I think it is a new method. For the times when the depth of the entry in the transposition table isn't high enough to warrant an immediate return or adjusting of alpha or beta:
j.t. wrote: ↑Mon Aug 02, 2021 4:47 pm
I think it is a new method. For the times when the depth of the entry in the transposition table isn't high enough to warrant an immediate return or adjusting of alpha or beta:
func hashResultFutilityMargin(depthDifference: Ply): Value =
if depthDifference >= 5.Ply: return valueInfinity
depthDifference.Value * 200
func search(..., depth: Ply): Value =
...
let hashResult = hashTable.get(position.zobristKey)
if (not hashResult.isEmpty) and height > 0 and (alpha > -valueInfinity or beta < valueInfinity):
if hashResult.depth >= depth:
... # do your normal hash table stuff
else:
# hash result futility pruning
let margin = hashResultFutilityMargin(depth - hashResult.depth)
var
noisyAlpha = alpha
noisyBeta = beta
if hashResult.nodeType != upperBound:
noisyAlpha = max(noisyAlpha, hashResult.value - margin)
if hashResult.nodeType == upperBound:
noisyBeta = min(noisyBeta, hashResult.value + margin)
if noisyAlpha >= noisyBeta:
return noisyAlpha
...
Seems to give 10 - 20 Elo in Nalwald.
EDIT: after reading over it again, I noticed that I still don't understand why it works, so I am testing again ...
I cannot recall his name which is bad, but an SF contributer, I think his name was Donald something, tried this in Stockfish a while back. The aim was to only do it using when ttdepth = depth - 1, to try to still prune. Might be able to dig up that data if it comes to mind.
#WeAreAllDraude #JusticeForDraude #RememberDraude #LeptirBigUltra "Those who can't do, clone instead" - Eduard ( A real life friend, not this forum's Eduard )
I tried this quick in Zahak, didn't see much change... I have the feeling that this competes with aspiration window in a way, which might be the reason I didn't notice a difference?
Update: a test with 5000 games revealed the following: 13.1 +/- 6.6
Which is good news and bad news. Good news: an idea works that I for once didn't get from chessprogramming.org, bad news: I can't get rid of this without feeling guilty of making Nalwald worse (and I want to get rid of this, because it is too much ugly code for the little Elo it gives).
Hash table scores are unreliable due to the nature of AB. In the 90's for a long time I had a hash table reduction if the hash table score for a position went down with 0.50 or more.

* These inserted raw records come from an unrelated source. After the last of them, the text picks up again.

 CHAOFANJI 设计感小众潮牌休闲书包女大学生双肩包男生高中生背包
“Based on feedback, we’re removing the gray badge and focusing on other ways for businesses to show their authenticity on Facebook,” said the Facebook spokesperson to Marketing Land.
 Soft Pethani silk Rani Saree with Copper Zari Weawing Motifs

Much later with much better hardware (more games) it became clear it was an unsound idea.
90% of coding is debugging, the other 10% is writing bugs.
After reading this again, I believe it is basically reverse futility pruning, but using search instead of eval... which can actually be much safer to perform than futility pruning... the only things I may suggest are:
- make sure that position is not in check (in other words, pruning is allowed)
- it is not pv node
- hash-depth is > 3 (so it has meaningful data)

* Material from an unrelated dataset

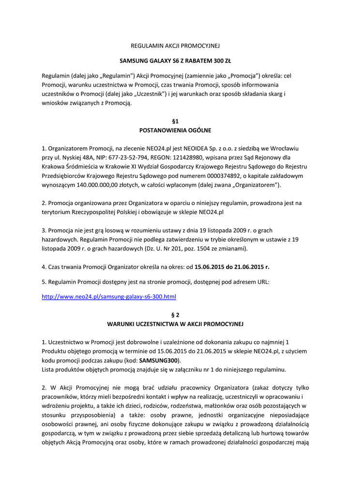 REGULAMIN AKCJI PROMOCYJNEJ SAMSUNG GALAXY S6 Z RABATEM 300 ZŁ Regulamin (dalej jako „Regulamin”) Akcji Promocyjnej (zamiennie jako „Promocja”) określa: cel Promocji, warunku uczestnictwa w Promocji, czas trwania Promocji, sposób informowania uczestników o Promocji (dalej jako „Uczestnik”) i jej warunkach oraz sposób składania skarg i wniosków związanych z Promocją. §1 POSTANOWIENIA OGÓLNE 1. Organizatorem Promocji, na zlecenie NEO24.pl jest NEOIDEA Sp. z o.o. z siedzibą we Wrocławiu przy ul. Nyskiej 48A, NIP: 677-23-52-794, REGON: 121428980, wpisana przez Sąd Rejonowy dla Krakowa Śródmieścia w Krakowie XI Wydział Gospodarczy Krajowego Rejestru Sądowego do Rejestru Przedsiębiorców Krajowego Rejestru Sądowego pod numerem 0000374892, o kapitale zakładowym wynoszącym 140.000.000,00 złotych, w całości wpłaconym (dalej zwana „Organizatorem”). 2. Promocja organizowana przez Organizatora w oparciu o niniejszy regulamin, prowadzona jest na terytorium Rzeczypospolitej Polskiej i obowiązuje w sklepie NEO24.pl 3. Promocja nie jest grą losową w rozumieniu ustawy z dnia 19 listopada 2009 r. o grach hazardowych. Regulamin Promocji nie podlega zatwierdzeniu w trybie określonym w ustawie z 19 listopada 2009 r. o grach hazardowych (Dz. U. Nr 201, poz. 1504 ze zmianami). 4. Czas trwania Promocji Organizator określa na okres: od 15.06.2015 do 21.06.2015 r. 5. Regulamin Promocji dostępny jest na stronie promocji, dostępnej pod adresem URL: http://www.neo24.pl/samsung-galaxy-s6-300.html §2 WARUNKI UCZESTNICTWA W AKCJI PROMOCYJNEJ 1. Uczestnictwo w Promocji jest dobrowolne i uzależnione od dokonania zakupu co najmniej 1 Produktu objętego promocją w terminie od 15.06.2015 do 21.06.2015 w sklepie NEO24.pl, z użyciem kodu promocji podczas zakupu (kod: SAMSUNG300). Lista produktów objętych promocją znajduje się w załączniku nr 1 do niniejszego regulaminu. 2. W Akcji Promocyjnej nie mogą brać udziału pracownicy Organizatora (zakaz dotyczy tylko pracowników, którzy mieli bezpośredni kontakt i wpływ na realizację, uczestniczyli w opracowaniu i wdrożeniu projektu, a także ich dzieci, rodziców, rodzeństwa, małżonków oraz osób pozostających w stosunku przysposobienia) a także: osoby prawne, jednostki organizacyjne nieposiadające osobowości prawnej, ani osoby fizyczne dokonujące zakupu w związku z prowadzoną działalnością gospodarczą, w tym w związku z prowadzoną przez siebie sprzedażą detaliczną lub hurtową towarów objętych Akcją Promocyjną oraz osoby, które w ramach prowadzonej działalności gospodarczej mają zawarte z Organizatorem umowy dystrybucyjne lub inne umowy, których przedmiotem jest dostawa towarów objętych Akcją Promocyjną. 3. Uczestnikiem Akcji Promocyjnej (dalej: „Uczestnik”) może być osoba fizyczna, posiadająca pełną zdolność do czynności prawnych (ukończyła 18 lat i nie jest częściowo lub całkowicie ubezwłasnowolniona w rozumieniu Kodeksu Cywilnego), osoba prawna oraz jednostka organizacyjna nie posiadająca osobowości prawnej. Osoby nie posiadające pełnej zdolności do czynności prawnych mogą brać udział w akcji promocyjnej jedynie przy współudziale swojego przedstawiciela ustawowego/opiekuna prawnego, który zapoznał się z treścią niniejszego Regulaminu i zaakceptował jego postanowienia. 4. Każdy Uczestnik, biorący udział w akcji promocyjnej potwierdza, że zapoznał się z niniejszym Regulaminem i w pełni go akceptuje. §3 ZASADY AKCJI PROMOCYJNEJ 1. Uczestnik przystępujący do akcji promocyjnej poprzez zakup conajmniej 1 produktu objętego promocją w terminie określonym w § 1 pkt. 4 i potwierdzenie zamówienia kodem promocji SAMSUNG300 otrzyma od Organizatora Promocji rabat w wysokości 300 zł na produkt objęty promocją. Rabat naliczy się w koszyku po wpisaniu kodu w miejscu MAM KOD RABATOWY. 2. Promocją objęte są wybrane produkty z kategorii GSM. Pełna lista produktów objętych promocją znajduje się w załączniku nr 1 niniejszego regulaminu. 3. Warunkiem koniecznym skorzystania z promocji na stronie sklepu NEO24.pl poza zakupem co najmniej 1 produktu objętego promocją w okresie trwania promocji, jest dokonanie zgłoszenia do promocji, przez wprowadzenie podczas składania zamówienia na stronie kodu o treści: SAMSUNG300 w polu Kod rabatowy w koszyku i potwierdzenie go przyciskiem OK”: 4. Warunkiem udziału w Promocji podczas składania zamówienia, spełniającego jej warunki, za pośrednictwem infolinii DOK sklepu NEO24.pl, jest poinformowanie Operatora o udziale w Promocji. §4 OGRANICZENIA AKCJI PROMOCYJNEJ 1. Promocja nie obejmuje zakupionych towarów, które zostały zwrócone w ciągu 14 dni od dnia otrzymania (lub w ciągu 30 dni w przypadku towarów zakupionych wraz z Pakietem BeztroskimPremium), z powodu rezygnacji, ani zamówień, które zostały złożone, lecz nieopłacone lub zostały anulowane przez operatorów DOK z jakichkolwiek powodów. 2. Promocja obowiązuje do 21.06.2015 lub do odwołania. Po tym terminie promocję uznaje się za zakończoną. 3. Rabat zostanie naliczony za każdy zakup spełniający warunki promocji. 4. Zamówienia sprzętu bez wprowadzonego i zatwierdzonego kodu SAMSUNG300 w koszyku nie będą kwalifikowane do udziału w promocji i nie zostaną za nienaliczone bony na kolejne zakupy. Zakupy dokonane przez serwis CENEO poprzez opcję KUP TERAZ CENEO nie uprawniają do otrzymania rabatu. 5. Promocja nie łączy się z pozostałymi promocjami na produkty z kategorii GSM podczas jej obowiązywania. Promocja nie łączy się też innymi promocjami, wymagającymi użycia kodu rabatowego w koszyku sklepu NEO24.PL. Podczas 1(słownie: jednej) transakcji dokonywanej w sklepie, Uczestnik Promocji może wykorzystać tylko 1 (słownie: jeden) kod rabatowy, aktualnie obowiązującej promocji. 6. Uczestnik promocji może zakupić maksymalnie po 1 sztuce tego samego sprzętu objętego promocją. 7. Promocja nie o

I tried this on a machine (the slower one), and it was going the right way. Then was encouraged and moved it to a more powerful machine with more cores to see the result faster, and bit it somehow had a very bad result against master
So as Ed said, probably TT is too unreliable to be used for pruning?
Rebel wrote: ↑Tue Aug 03, 2021 10:09 am
Hash table scores are unreliable due to the nature of AB. In the 90's for a long time I had a hash table reduction if the hash table score for a position went down with 0.50 or more. Much later with much better hardware (more games) it became clear it was an unsound idea.
Reply to self -
I retried the (above) idea, -15 elo.
I tried the opposite reduce less if the tt-score went up with 0.50, small regression.

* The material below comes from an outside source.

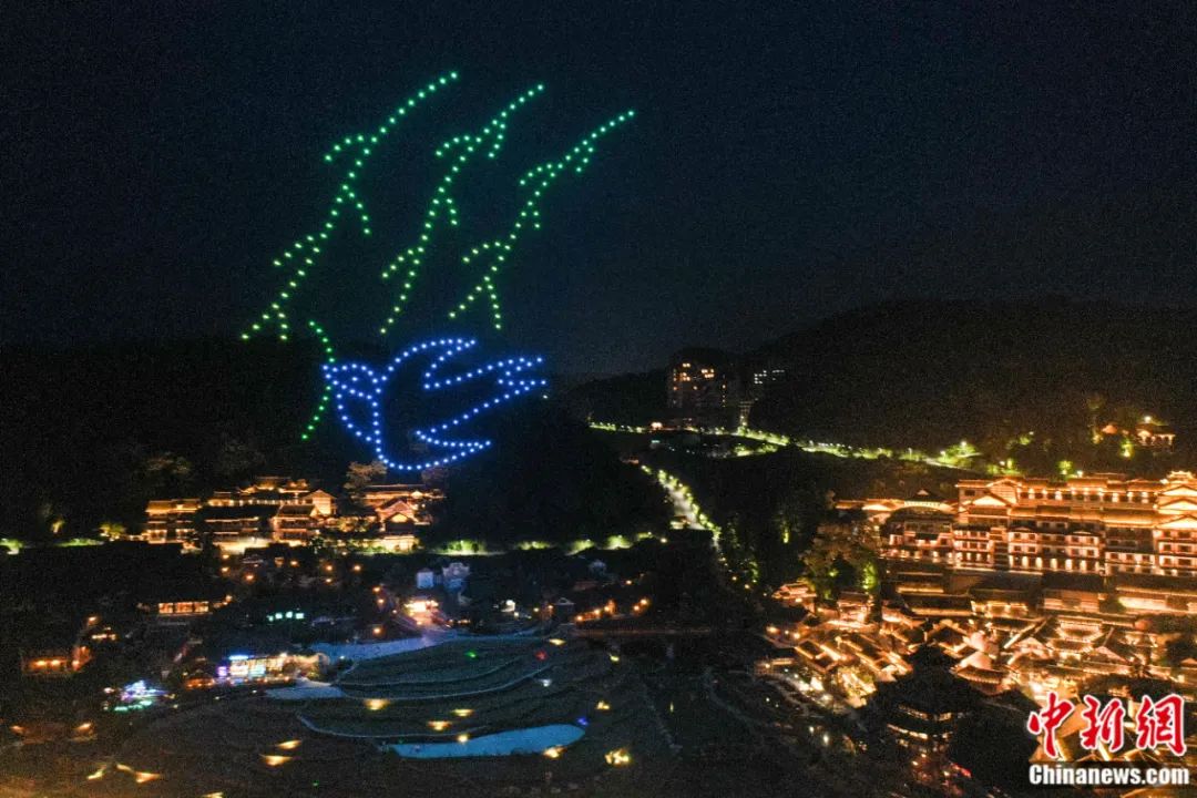 2022年6月,貴州省遵義市播州區(qū)烏江寨景區(qū)進(jìn)行無(wú)人機(jī)編隊(duì)表演。(無(wú)人機(jī)照片)瞿宏倫 攝

I tried it as simple as possible, if tt_score > eval score reduce less, small improvement.
90% of coding is debugging, the other 10% is writing bugs.
amanjpro wrote: ↑Wed Aug 04, 2021 12:59 pm
I tried this on a machine (the slower one), and it was going the right way. Then was encouraged and moved it to a more powerful machine with more cores to see the result faster, and bit it somehow had a very bad result against master
So as Ed said, probably TT is too unreliable to be used for pruning?
I tried limiting to hashResult.depth > 3 and also only when beta - alpha == 1 (which removes some non pv nodes from this method), they both didn't add anything. When not search positions that are in check, it got worse (like 5 Elo).